What is the difference between pass@k and pass^k?#

pass@k measures whether the agent can complete the task on at least one of k trials. It tests for capability. pass^k (pass-all-k) measures whether the agent completes the task on every one of k trials. It tests for reliability. A skill with pass@5 = 100% but pass^5 = 30% means the agent can do the task but is too flaky for production. Use pass@k during development to verify capability, and pass^k before shipping to verify reliability.
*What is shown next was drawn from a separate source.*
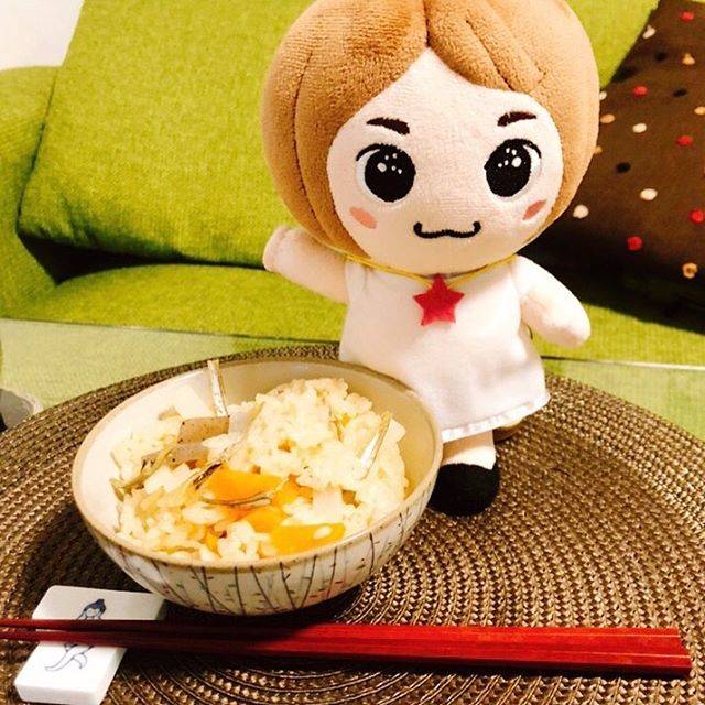 身の部分は研いだお米とたくさんの根菜(大根、にんじん、里芋)・こんにゃく・油揚げと一緒に炊飯器にインっ❗️
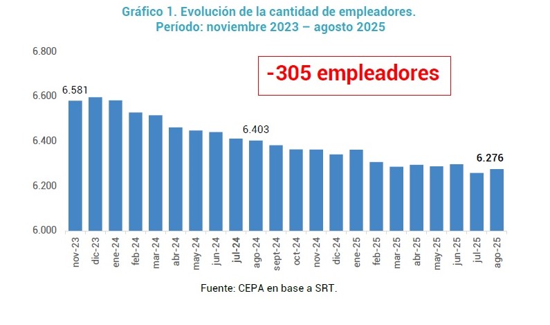 Según el informe, la cantidad de empleadores con personal registrado pasó de 6.581 a 6.276, lo que implica una contracción del 4,6%.

Why should AI agent skills have unit tests?#

Agent skills are procedural instructions that govern behavior. Like code, they can be changed in ways that silently break their effectiveness. Unlike code, they have no existing testing infrastructure, so degradation goes undetected. Unit tests for skills provide a concrete score for each version, catch regressions before they reach production, and give teams a shared objective measure rather than subjective impressions of whether the skill is working.

What are deterministic graders vs LLM rubric graders?#

Deterministic graders are shell scripts that check whether a specific, measurable outcome was achieved. Did the file get created? Did the linter pass? LLM rubric graders are prompts that evaluate qualitative aspects of the output that cannot be measured by a script. Did the agent explain clearly? Did it follow style guidelines appropriately? Using both captures whether the agent did the right thing and whether it did it well.

How does Skill Eval integrate with CI?#

Skill Eval includes a GitHub Actions configuration that triggers evaluations on pull requests affecting skill or task files. This means every skill change goes through automated scoring before merging. If the score drops below a threshold, the pull request does not pass. This tightens the feedback loop from discovering regressions in production to catching them before they are committed.

How many trials should you run per evaluation?#

Minko Gechev recommends a minimum of five trials per evaluation, based on Anthropic research. Agent behavior is nondeterministic, meaning the same input can produce different outputs across runs. Five trials gives enough data to separate genuine skill degradation from random variance. For production reliability verification using pass^k, five trials at 100% is a meaningful signal. For faster feedback during development, you might run fewer trials and then run the full suite before merging.

Can Skill Eval work with any AI agent?#

Skill Eval is designed to be provider-agnostic. The sample output in Gechev's post shows a Gemini agent, and the GitHub Actions configuration references both Gemini and Anthropic API keys. The Docker-based environment means the agent runs in isolation with standardized tooling, which should work with any agent that can be invoked from a shell.